BEGIN EXTRACTED DATA

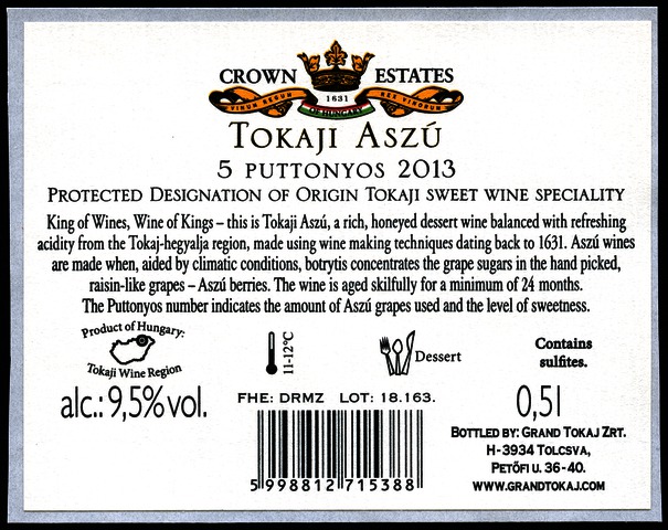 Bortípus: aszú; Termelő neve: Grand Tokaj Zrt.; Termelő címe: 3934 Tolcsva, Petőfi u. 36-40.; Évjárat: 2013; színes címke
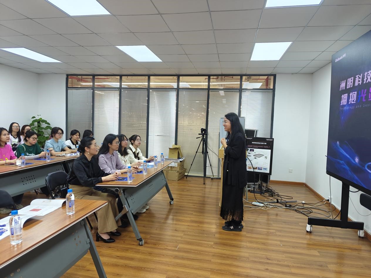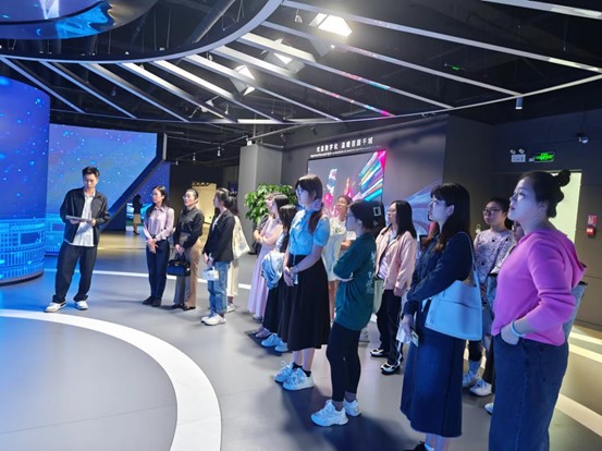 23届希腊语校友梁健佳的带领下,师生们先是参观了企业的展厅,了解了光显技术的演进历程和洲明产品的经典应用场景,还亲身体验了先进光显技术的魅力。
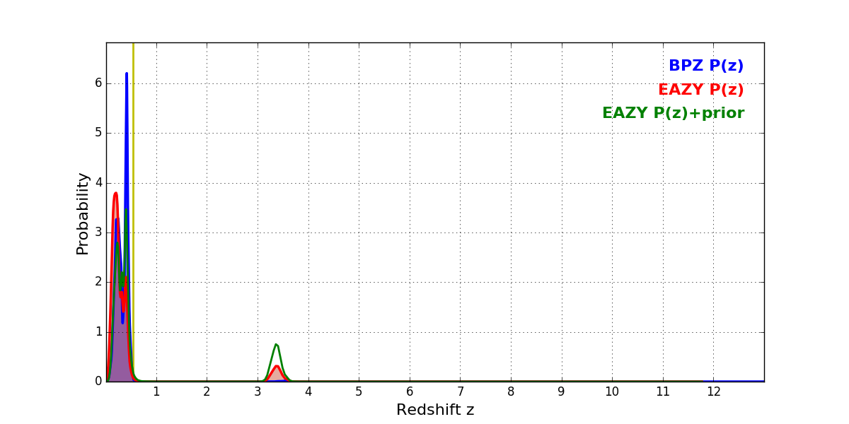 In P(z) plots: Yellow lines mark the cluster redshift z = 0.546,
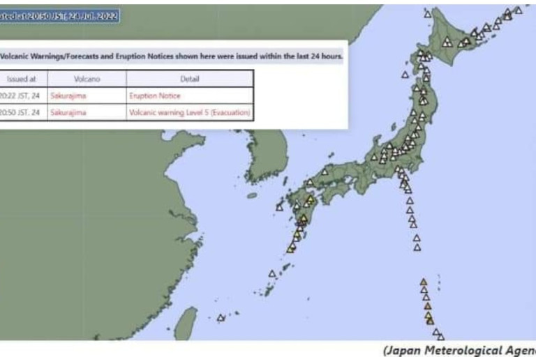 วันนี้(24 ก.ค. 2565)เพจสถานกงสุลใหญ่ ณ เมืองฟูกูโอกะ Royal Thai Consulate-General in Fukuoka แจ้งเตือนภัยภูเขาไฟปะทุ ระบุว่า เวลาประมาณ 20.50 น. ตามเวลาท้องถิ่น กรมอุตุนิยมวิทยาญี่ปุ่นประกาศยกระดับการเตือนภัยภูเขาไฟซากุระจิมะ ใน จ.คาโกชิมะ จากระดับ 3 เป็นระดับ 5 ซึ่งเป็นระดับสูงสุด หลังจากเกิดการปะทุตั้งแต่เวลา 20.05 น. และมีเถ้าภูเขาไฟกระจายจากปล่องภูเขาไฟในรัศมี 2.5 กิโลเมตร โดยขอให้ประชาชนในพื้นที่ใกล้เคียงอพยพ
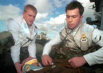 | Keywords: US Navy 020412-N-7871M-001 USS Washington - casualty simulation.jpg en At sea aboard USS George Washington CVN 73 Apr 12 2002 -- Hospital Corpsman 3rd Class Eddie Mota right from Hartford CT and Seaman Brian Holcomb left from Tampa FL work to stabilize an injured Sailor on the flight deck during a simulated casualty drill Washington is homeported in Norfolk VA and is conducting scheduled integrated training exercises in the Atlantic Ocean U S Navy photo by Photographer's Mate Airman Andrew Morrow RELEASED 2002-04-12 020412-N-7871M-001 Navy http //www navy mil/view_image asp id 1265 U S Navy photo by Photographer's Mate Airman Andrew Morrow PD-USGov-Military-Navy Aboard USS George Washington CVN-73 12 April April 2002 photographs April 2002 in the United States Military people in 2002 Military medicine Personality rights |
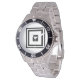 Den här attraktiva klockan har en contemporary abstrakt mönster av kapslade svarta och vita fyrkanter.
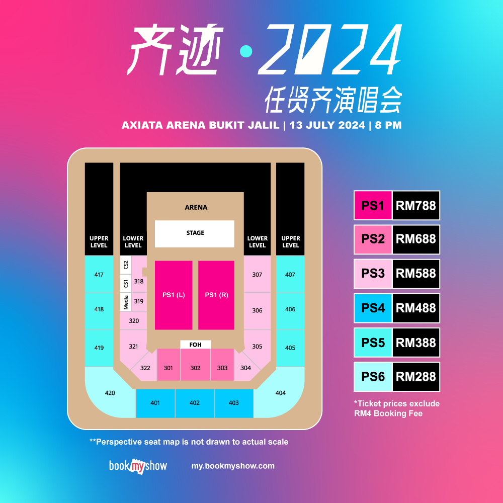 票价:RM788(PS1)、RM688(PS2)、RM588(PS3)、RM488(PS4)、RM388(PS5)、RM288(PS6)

END EXTRACTED DATA

» ABOUT THIS TASK
Please return only the lines from the top of the data through the line with "วันนี้(24 ก.ค. 2565)เพจสถานกงสุลใหญ่", exactly as written, and drop every picture.

» WRITTEN SOLUTION
 Bortípus: aszú; Termelő neve: Grand Tokaj Zrt.; Termelő címe: 3934 Tolcsva, Petőfi u. 36-40.; Évjárat: 2013; színes címke
 23届希腊语校友梁健佳的带领下,师生们先是参观了企业的展厅,了解了光显技术的演进历程和洲明产品的经典应用场景,还亲身体验了先进光显技术的魅力。
 In P(z) plots: Yellow lines mark the cluster redshift z = 0.546,
 วันนี้(24 ก.ค. 2565)เพจสถานกงสุลใหญ่ ณ เมืองฟูกูโอกะ Royal Thai Consulate-General in Fukuoka แจ้งเตือนภัยภูเขาไฟปะทุ ระบุว่า เวลาประมาณ 20.50 น. ตามเวลาท้องถิ่น กรมอุตุนิยมวิทยาญี่ปุ่นประกาศยกระดับการเตือนภัยภูเขาไฟซากุระจิมะ ใน จ.คาโกชิมะ จากระดับ 3 เป็นระดับ 5 ซึ่งเป็นระดับสูงสุด หลังจากเกิดการปะทุตั้งแต่เวลา 20.05 น. และมีเถ้าภูเขาไฟกระจายจากปล่องภูเขาไฟในรัศมี 2.5 กิโลเมตร โดยขอให้ประชาชนในพื้นที่ใกล้เคียงอพยพ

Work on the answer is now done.